====== Supplied records ======

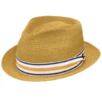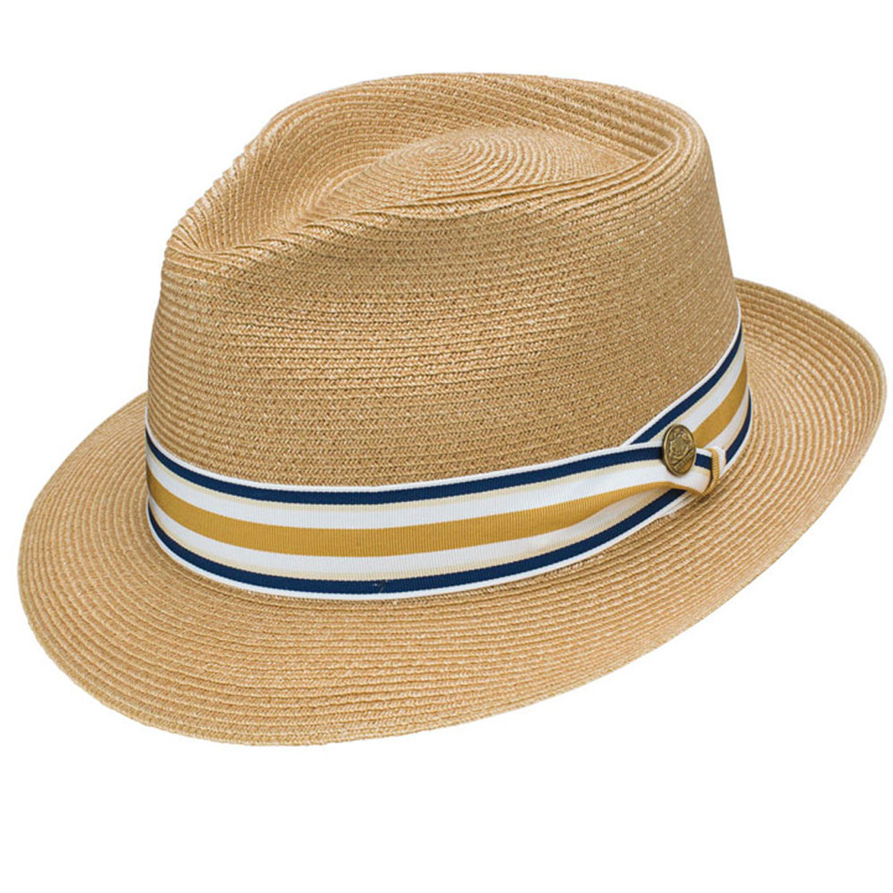 The Luciano fedora by Stetson is a perfect choice for warm Summer months due to its breathable and sturdy braided hemp body construction. Available in Mustard or Navy color choices. The grosgrain ribbon pug band is accompanied by a removable Stetson pin.
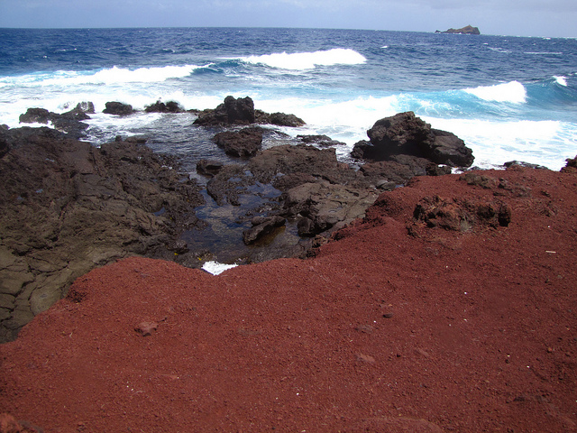 Красный пляж затерялся в бухте Хана на восточной части гавайского острова Мауи. Пляж Каихалулу (на гавайском “ревущее море”) один из немногих кроваво-красных в мире. Такой необычный цвет получился из-за расположенного рядом потухшего вулкана, крошащиеся склоны которого богаты железом.
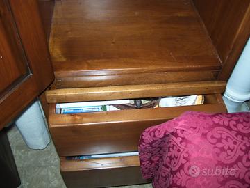 Mobiletti 4 adatti per complementi d'arredo in vero legno di noce massello anni 90 e/o testata da letto, ingresso, soggiorno, massello anni 90 completi di chiavi, piani interni, cassetti, piano d'appoggio, misure:
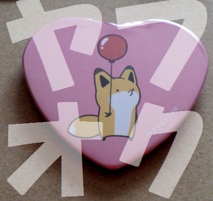 - タヌキとキツネ THEキャラSHOP 限定 ハート缶バッジ キツネ風船柄
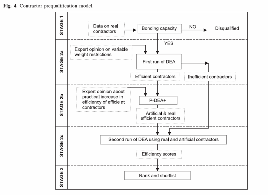 ¥Ø«e¨Ï¥Î¤è¦¡ (CPM¬[ºc(contractor prequalification )³Ì¦¥ÑRamani(2000)´£¥X¡ATran(2002)×§ïÂÇ¥ÑDEA¤ÀªR´î¤Ö¤Hªº°¾¨£«Øºc¤T¶¥¬q:¡C a. bonding capacity³sµ²¯à¤O¡A¬°³Ì«nªº¼f¬d¶¥¬q¡A¦ý«D©w¶qÅܶq¡C b. DEA and DEA run µû¦ô®Ä²v±o¤À¡C c. short-listing ¦C¥X¦X®æ¦W³æ¡C ¦ýì¼Ò«¬¦³¥|Ó¯ÊÂI
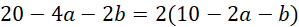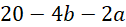 Waldek kupił 4 ciastka po a złotych za sztukę i 2 butelki soku po b złotych za butelkę. Podaj, ile złotych reszty otrzyma, jeżeli dał sklepikarzowi 20 zł.
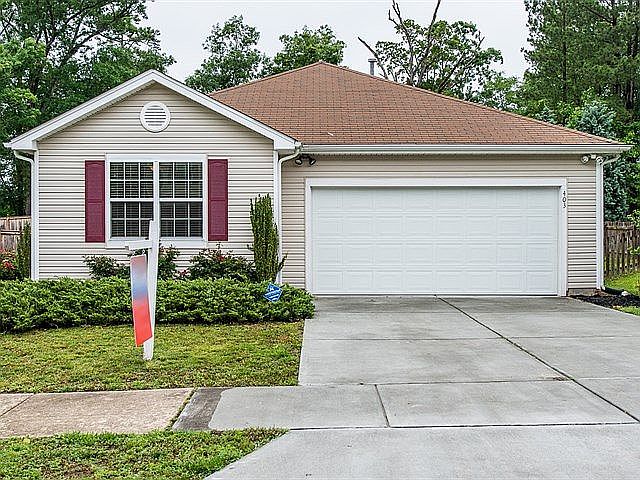 HIGHLY sought after RANCH w/4 bedrooms + TWO car garage. A rare find in this area! Engineered hardwoods t/o main areas, new carpet, & fresh paint! Very open flr plan! Gourmet kit w/42" cabs, working island, pantry! Dining area ovrlks backyd + fam rm w/gas log fp - all flow together! Oversized Mstr suite w/w-i closet, soaking tub! 3 additional bdrms offer ideal flex space! Fenced yard! Comm Pool. Easy access to RTP, Brier Creek, 70! Low maintenance exterior!
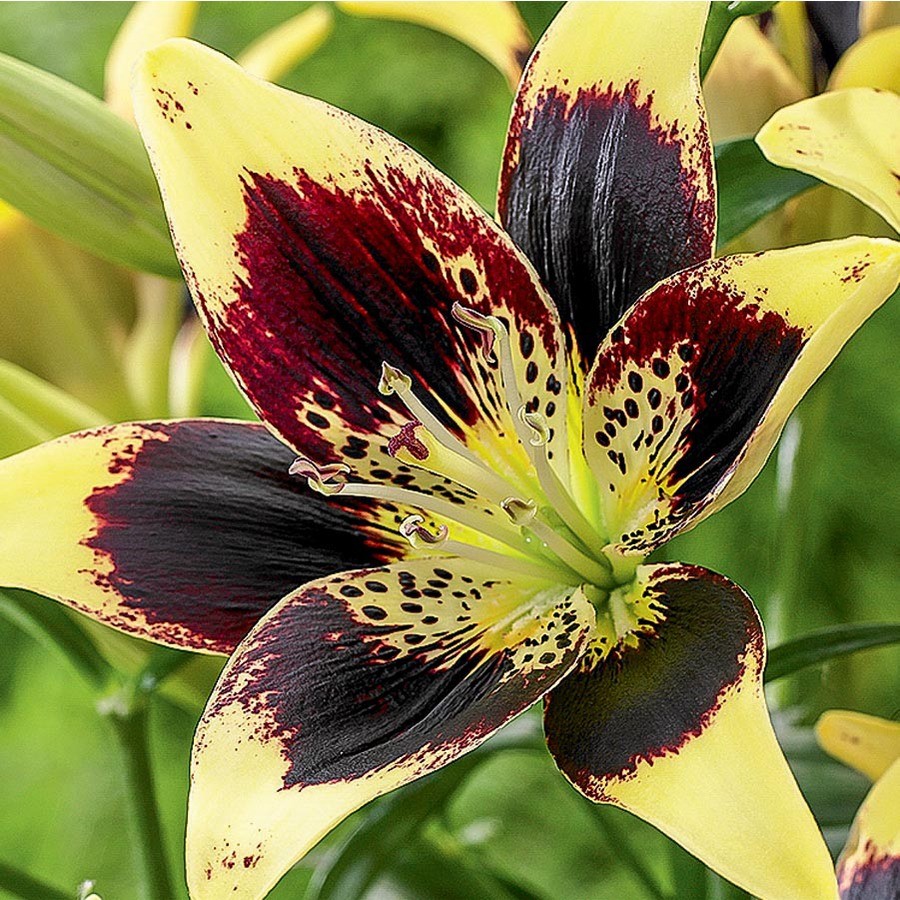 Луковицы Лилии азиатской Танго Изи Данс (Lilium asiatic Easy Dance) ― еще один популярный представитель известной группы «танго», отличающийся интересной расцветкой. Характерное для сорта темное плотное пятно у Изи Данс  насыщенно-фиолетового цвета,  в центре можно видеть незначительный темный крап на желтом фоне. Основной цвет, покрывающий лепестки в их верхней части, светло-желтый.
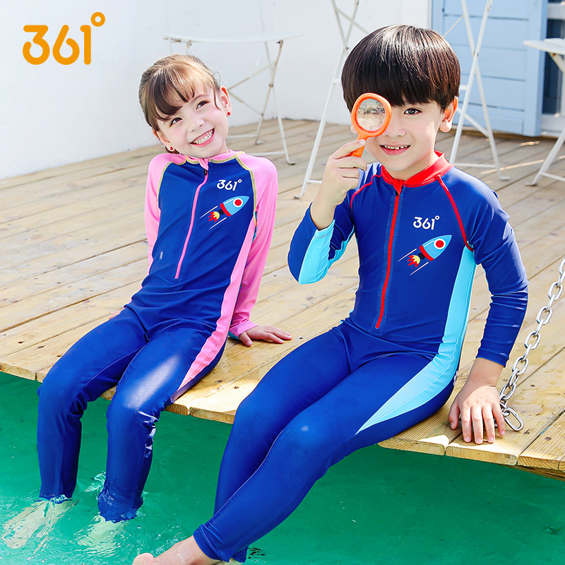 361 degree children's swimsuit Male and female children's one-piece sunscreen swimsuit Children's middle and large children's 2021 new long-sleeved swimsuit
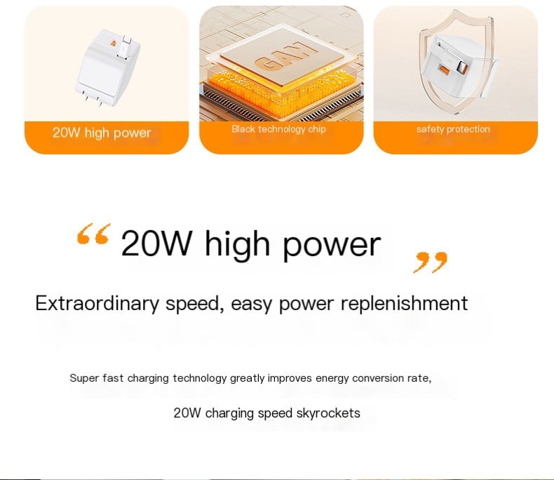 - The USB-C fast charging wall charger uses advanced Gallium Nitride technology, built-in multiple protection system and high-quality microchip. Gallium Nitride components waste less power and generate less heat, ensuring more efficient charging.

======

▶ [Exercise description] Print the data once more without any change, skipping each picture.

▶ [Result of this exercise]
 The Luciano fedora by Stetson is a perfect choice for warm Summer months due to its breathable and sturdy braided hemp body construction. Available in Mustard or Navy color choices. The grosgrain ribbon pug band is accompanied by a removable Stetson pin.
 Красный пляж затерялся в бухте Хана на восточной части гавайского острова Мауи. Пляж Каихалулу (на гавайском “ревущее море”) один из немногих кроваво-красных в мире. Такой необычный цвет получился из-за расположенного рядом потухшего вулкана, крошащиеся склоны которого богаты железом.
 Mobiletti 4 adatti per complementi d'arredo in vero legno di noce massello anni 90 e/o testata da letto, ingresso, soggiorno, massello anni 90 completi di chiavi, piani interni, cassetti, piano d'appoggio, misure:
 - タヌキとキツネ THEキャラSHOP 限定 ハート缶バッジ キツネ風船柄
 ¥Ø«e¨Ï¥Î¤è¦¡ (CPM¬[ºc(contractor prequalification )³Ì¦¥ÑRamani(2000)´£¥X¡ATran(2002)×§ïÂÇ¥ÑDEA¤ÀªR´î¤Ö¤Hªº°¾¨£«Øºc¤T¶¥¬q:¡C a. bonding capacity³sµ²¯à¤O¡A¬°³Ì«nªº¼f¬d¶¥¬q¡A¦ý«D©w¶qÅܶq¡C b. DEA and DEA run µû¦ô®Ä²v±o¤À¡C c. short-listing ¦C¥X¦X®æ¦W³æ¡C ¦ýì¼Ò«¬¦³¥|Ó¯ÊÂI
 Waldek kupił 4 ciastka po a złotych za sztukę i 2 butelki soku po b złotych za butelkę. Podaj, ile złotych reszty otrzyma, jeżeli dał sklepikarzowi 20 zł.
 HIGHLY sought after RANCH w/4 bedrooms + TWO car garage. A rare find in this area! Engineered hardwoods t/o main areas, new carpet, & fresh paint! Very open flr plan! Gourmet kit w/42" cabs, working island, pantry! Dining area ovrlks backyd + fam rm w/gas log fp - all flow together! Oversized Mstr suite w/w-i closet, soaking tub! 3 additional bdrms offer ideal flex space! Fenced yard! Comm Pool. Easy access to RTP, Brier Creek, 70! Low maintenance exterior!
 Луковицы Лилии азиатской Танго Изи Данс (Lilium asiatic Easy Dance) ― еще один популярный представитель известной группы «танго», отличающийся интересной расцветкой. Характерное для сорта темное плотное пятно у Изи Данс  насыщенно-фиолетового цвета,  в центре можно видеть незначительный темный крап на желтом фоне. Основной цвет, покрывающий лепестки в их верхней части, светло-желтый.
 361 degree children's swimsuit Male and female children's one-piece sunscreen swimsuit Children's middle and large children's 2021 new long-sleeved swimsuit
 - The USB-C fast charging wall charger uses advanced Gallium Nitride technology, built-in multiple protection system and high-quality microchip. Gallium Nitride components waste less power and generate less heat, ensuring more efficient charging.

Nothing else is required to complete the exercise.